201036: push %rbp
201037: push %rbx
201038: sub $0x28,%rsp
20103c: mov %rsp,%rsi
20103f: callq 2014a5 <read_input>
201044: cmpl $0x0,(%rsp)
201048: jne 201051 <func_2+0x1b>
20104a: cmpl $0x1,0x4(%rsp)
20104f: je 201056 <func_2+0x20>
201051: callq 20146f <wrong_input>
201056: mov %rsp,%rbp
201059: lea 0x4(%rsp),%rbx
20105e: add $0x18,%rbp
201062: mov -0x2(%rbx),%eax
201065: add -0x4(%rbx),%eax
201068: cmp %eax,(%rbx)
20106a: je 201071 <func_2+0x3b>
20106c: callq 20146f <wrong_input>
201071: add $0x2,%rbx
201075: cmp %rbp,%rbx
201078: jne 201062 <func_2+0x2c>
20107a: add $0x28,%rsp
20107e: pop %rbx
20107f: pop %rbp
201080: retq
Well, if I break it into lines:
mov %rsp,%rbp : puts value of rsp into rbp
lea 0x4(%rsp),%rbx : put "0x4*rsp" into rbx. (*rsp = address of or rsp)
add $0x15,%rbp : adds the integer that at "0x15" to rbp and saves the sum in
rbp.
mov -0x2(%rbx),%eax : moves the value that inside of ??? to eax
add -0x4(%rbx),%eax : adds the value that inside of ??? to eax as saves the sum
in eax.
cmp %eax,(%rbx): compares eax with rbx.
well, I can't really understand what "0x4(%rsp)" means, what the minus in "-0x2(%rbx)" and "-0x4(%rbx)" means..
I am trying to connect the dots here. It seems like a loop, that increases rbx or eax and then compares them.. I don't really get it though.
... I can't really understand what "0x4(%rsp)" means, what the minus in "-0x2(%rbx)" and "-0x4(%rbx)" means..
Those numbers are to be added to the value between the parenthesis, the number is a displacement component.
In 0x4(%rsp), the true address becomes the value in the %RSP register plus 4.
In -0x2(%rbx), the true address becomes the value in the %RBX register minus 2.
e.g. If in mov -0x2(%rbx),%eax the %RBX register holds 100002 then the %EAX register receives the dword stored at memory address 100000.

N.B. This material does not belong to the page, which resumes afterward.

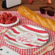 Jazz up your holiday table with these red and tan Merry Chritmas paper plates. So fun!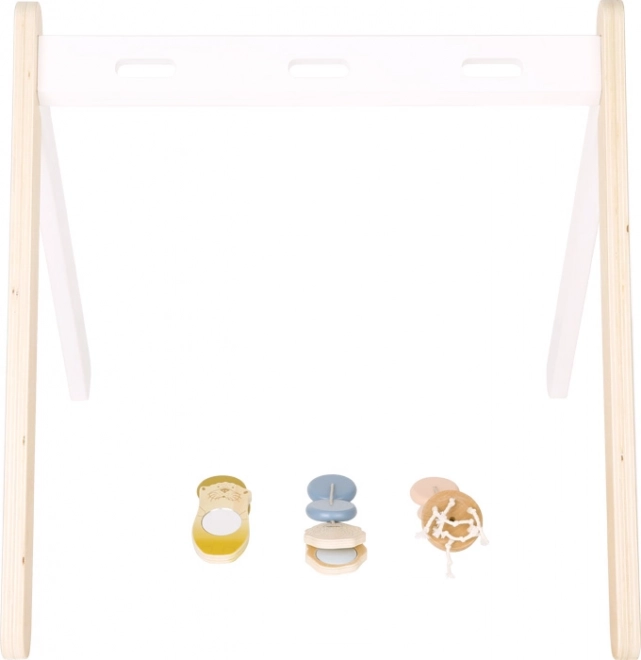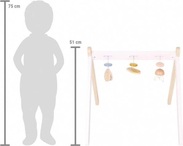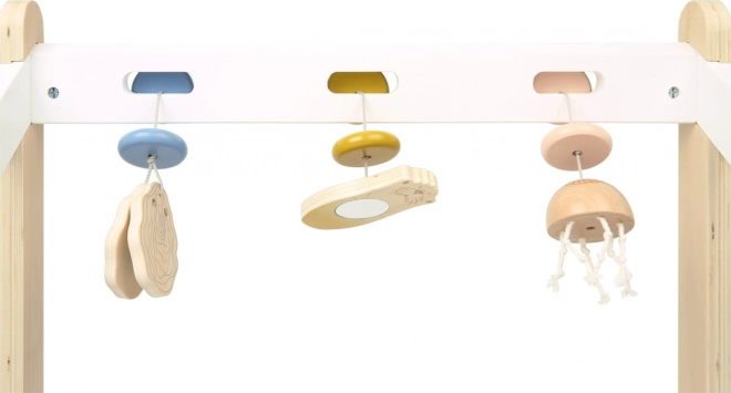 Бебешката гимнастика Seaside е уникална играчка, която комбинира естествени материали и нежни модерни цветове за сензорно обогатяване на вашето дете. Играчката включва морска видра с огледалце за визуални стимули, медуза с пипала за тактилни усещания и весела стрида за акустични открития. Дизайнът е създаден с оглед на възрастовата пригодност, така че подпомага сензорното развитие без претоварване.

e.g. If in lea 0x4(%rsp),%ebx the %RSP register holds 100000 then the %EBX register receives the value 100004.
[code was added]
Now that you've added more code, we can try to figure out how the loop might work.
mov %rsp,%rsi
callq 2014a5 <read_input>
cmpl $0x0,(%rsp)
jne 201051 <func_2+0x1b>
cmpl $0x1,0x4(%rsp)
je 201056 <func_2+0x20>
201051: callq 20146f <wrong_input>
201056: mov %rsp,%rbp
lea 0x4(%rsp),%rbx
add $0x18,%rbp
201062: mov -0x2(%rbx),%eax
add -0x4(%rbx),%eax
cmp %eax,(%rbx)
je 201071 <func_2+0x3b>
callq 20146f <wrong_input>
201071: add $0x2,%rbx
cmp %rbp,%rbx
jne 201062 <func_2+0x2c>
In order to avoid that first callq to wrong_input, the first 8 bytes at (%rsp) need to be:
%rsp %rbx
v v
00,00,00,00,01,00,00,00
-----------
+++++++++++ ===========
But then the first iteration of the loop will fail and do that second callq to wrong_input because:
----------- mov -0x2(%rbx),%eax --> 0x00010000
+++++++++++ add -0x4(%rbx),%eax --> 0x00010000 + 0x00000000
=========== cmp %eax,(%rbx) --> 0x00010000 <> 0x00000001
If we only consider the loop part, then we can find a sequence of integers that will pass. Here they are:
65536, 131073, 327683, 851976, 2228245, 5832759, 144
You need to look at it when stored in memory:
first last
%rsp %rbx --> %rbx %rbp
v v v v
00,00,01,00,01,00,02,00,03,00,05,00,08,00,0D,00,15,00,22,00,37,00,59,00,90,00
----------- -----------
+++++++++++ =========== +++++++++++ ===========
Do notice that the loop reads one word beyond the end in %rbp, therefore the input is actually six and a half dword integers!